#### PROVIDED INFORMATION

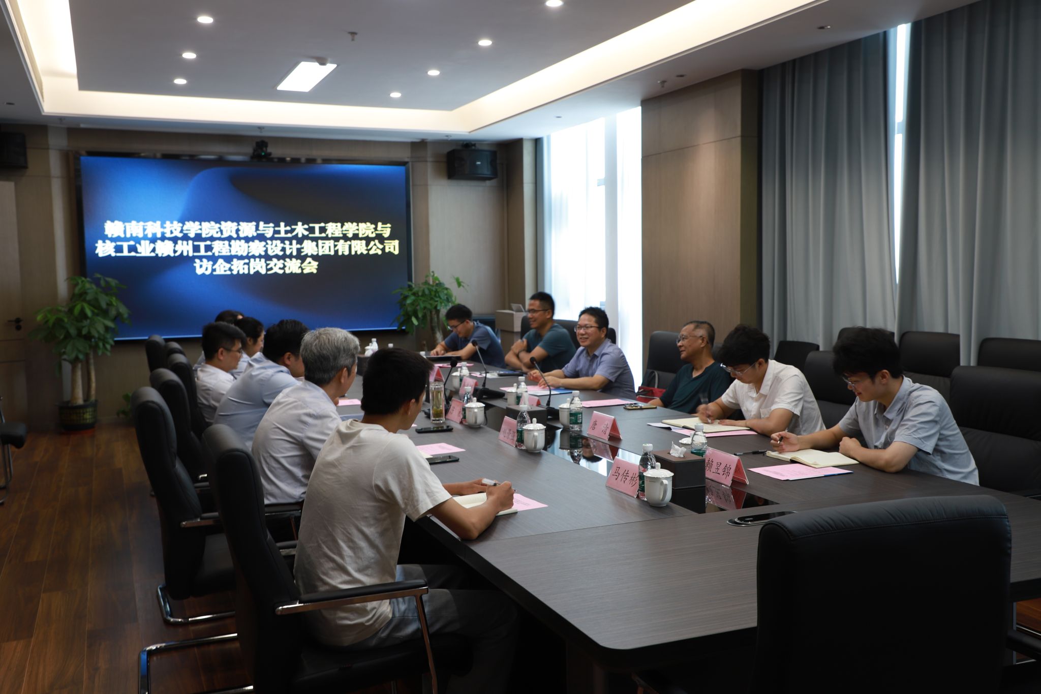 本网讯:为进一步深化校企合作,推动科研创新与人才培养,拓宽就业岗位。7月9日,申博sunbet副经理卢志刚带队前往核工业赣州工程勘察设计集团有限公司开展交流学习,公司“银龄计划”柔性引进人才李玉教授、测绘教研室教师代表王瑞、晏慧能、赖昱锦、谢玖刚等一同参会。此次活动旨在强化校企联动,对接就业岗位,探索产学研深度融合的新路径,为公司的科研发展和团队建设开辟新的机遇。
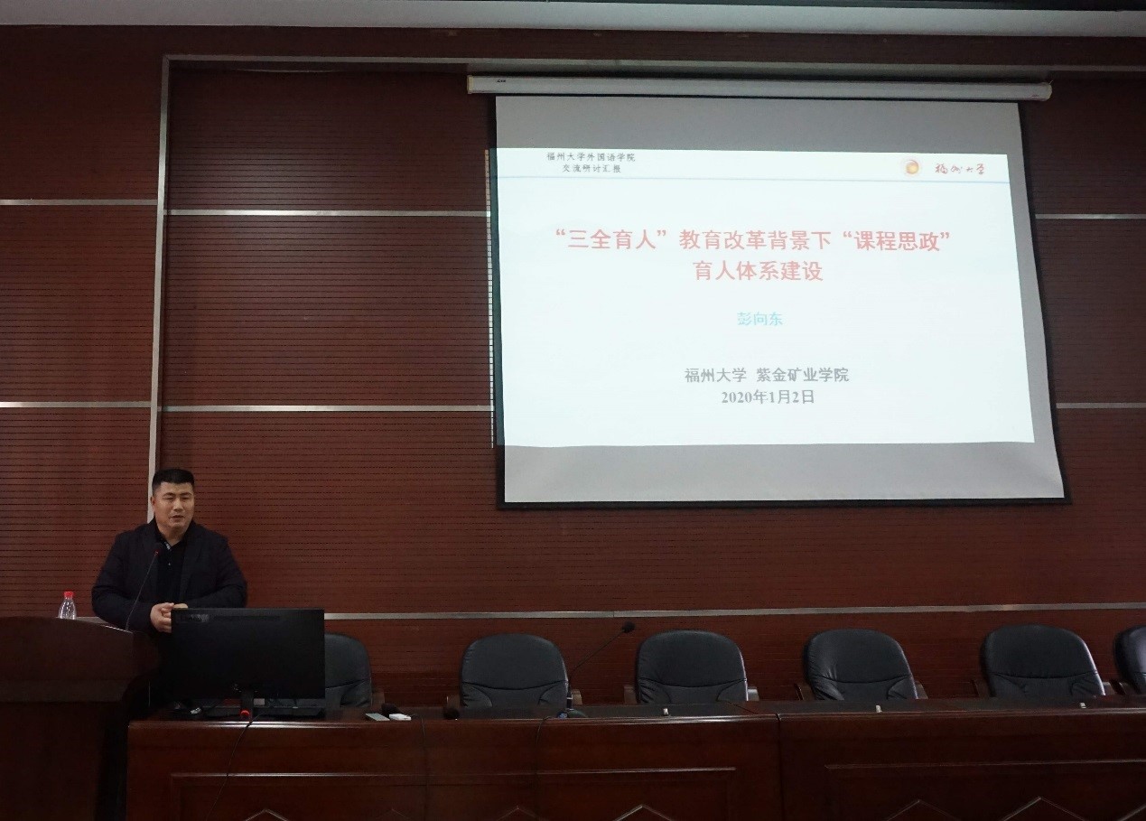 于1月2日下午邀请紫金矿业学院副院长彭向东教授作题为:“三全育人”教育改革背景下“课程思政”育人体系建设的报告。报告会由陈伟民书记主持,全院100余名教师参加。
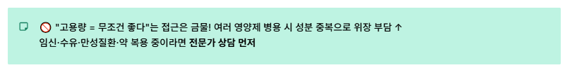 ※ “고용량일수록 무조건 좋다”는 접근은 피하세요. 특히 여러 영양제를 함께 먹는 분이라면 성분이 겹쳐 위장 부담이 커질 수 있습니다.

########
#### PROVIDED INFORMATION

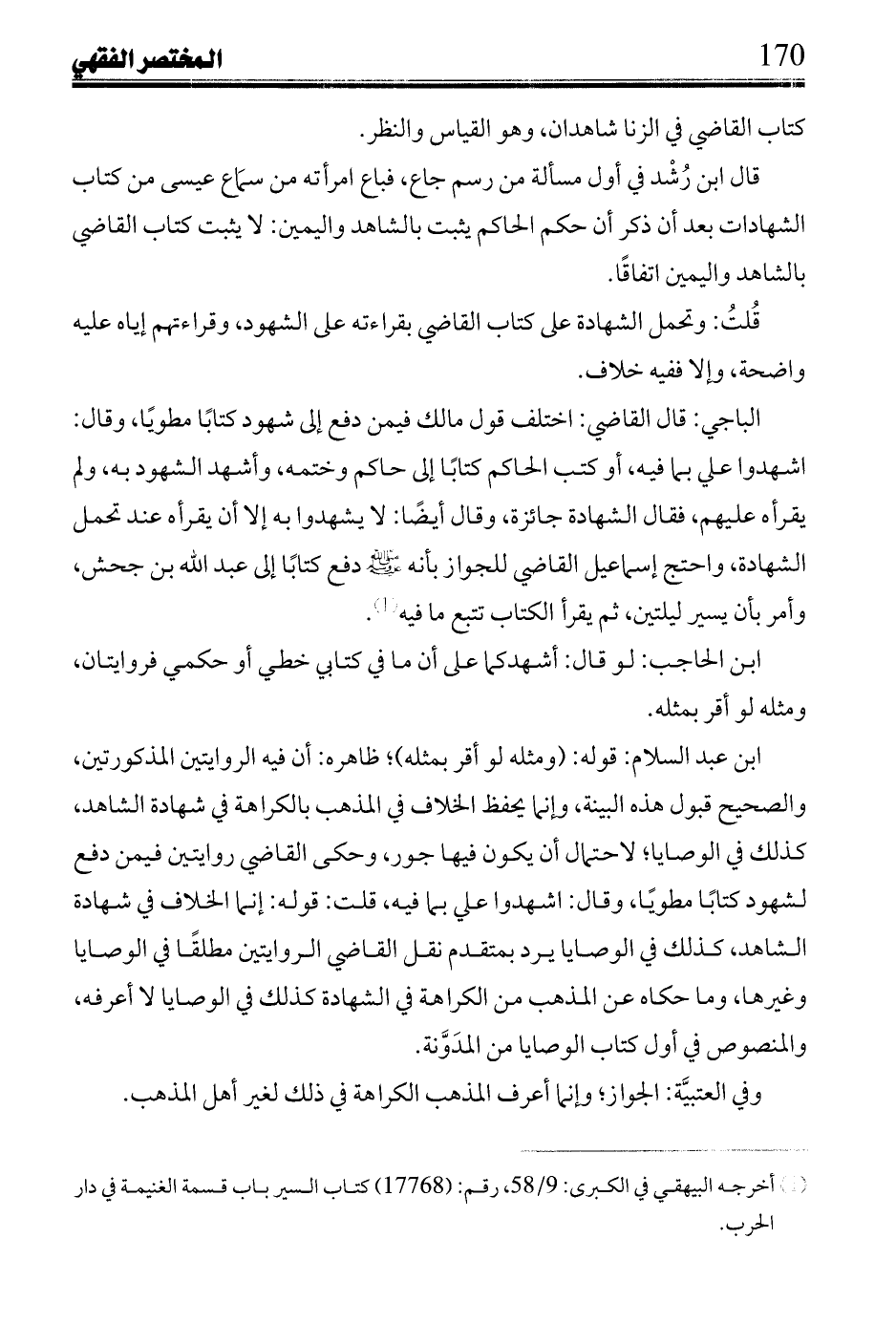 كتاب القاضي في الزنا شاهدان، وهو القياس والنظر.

########
#### PROVIDED INFORMATION

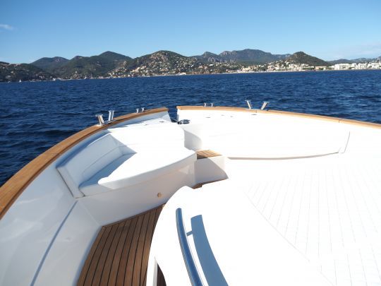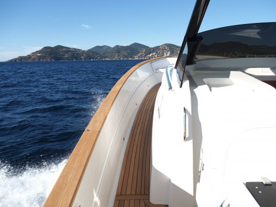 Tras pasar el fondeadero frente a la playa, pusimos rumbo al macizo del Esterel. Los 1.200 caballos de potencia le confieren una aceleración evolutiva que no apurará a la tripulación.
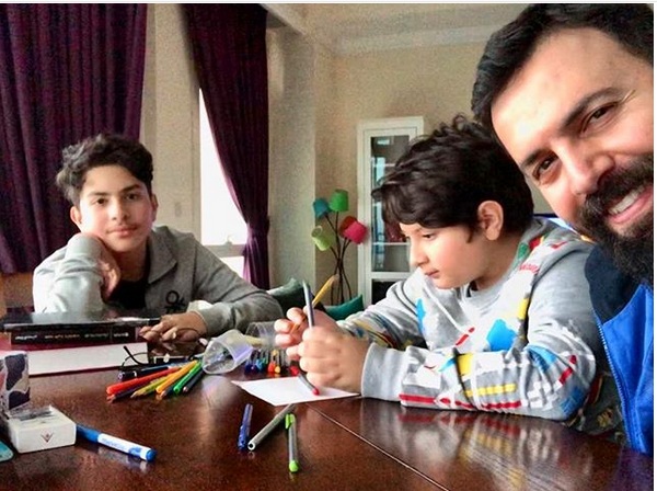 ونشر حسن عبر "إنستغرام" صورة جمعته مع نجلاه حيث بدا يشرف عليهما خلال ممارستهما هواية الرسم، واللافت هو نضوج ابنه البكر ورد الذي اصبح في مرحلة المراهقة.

########

» **YOUR TASK**: Give back exactly the lines of the listing above from the one that contains "本网讯:为进一步深化校企合作" up to and including the one that contains "부담이 커질 수 있습니다.", but not the pictures, and no other lines.

» **EXERCISE OUTPUT**:
 本网讯:为进一步深化校企合作,推动科研创新与人才培养,拓宽就业岗位。7月9日,申博sunbet副经理卢志刚带队前往核工业赣州工程勘察设计集团有限公司开展交流学习,公司“银龄计划”柔性引进人才李玉教授、测绘教研室教师代表王瑞、晏慧能、赖昱锦、谢玖刚等一同参会。此次活动旨在强化校企联动,对接就业岗位,探索产学研深度融合的新路径,为公司的科研发展和团队建设开辟新的机遇。
 于1月2日下午邀请紫金矿业学院副院长彭向东教授作题为:“三全育人”教育改革背景下“课程思政”育人体系建设的报告。报告会由陈伟民书记主持,全院100余名教师参加。
 ※ “고용량일수록 무조건 좋다”는 접근은 피하세요. 특히 여러 영양제를 함께 먹는 분이라면 성분이 겹쳐 위장 부담이 커질 수 있습니다.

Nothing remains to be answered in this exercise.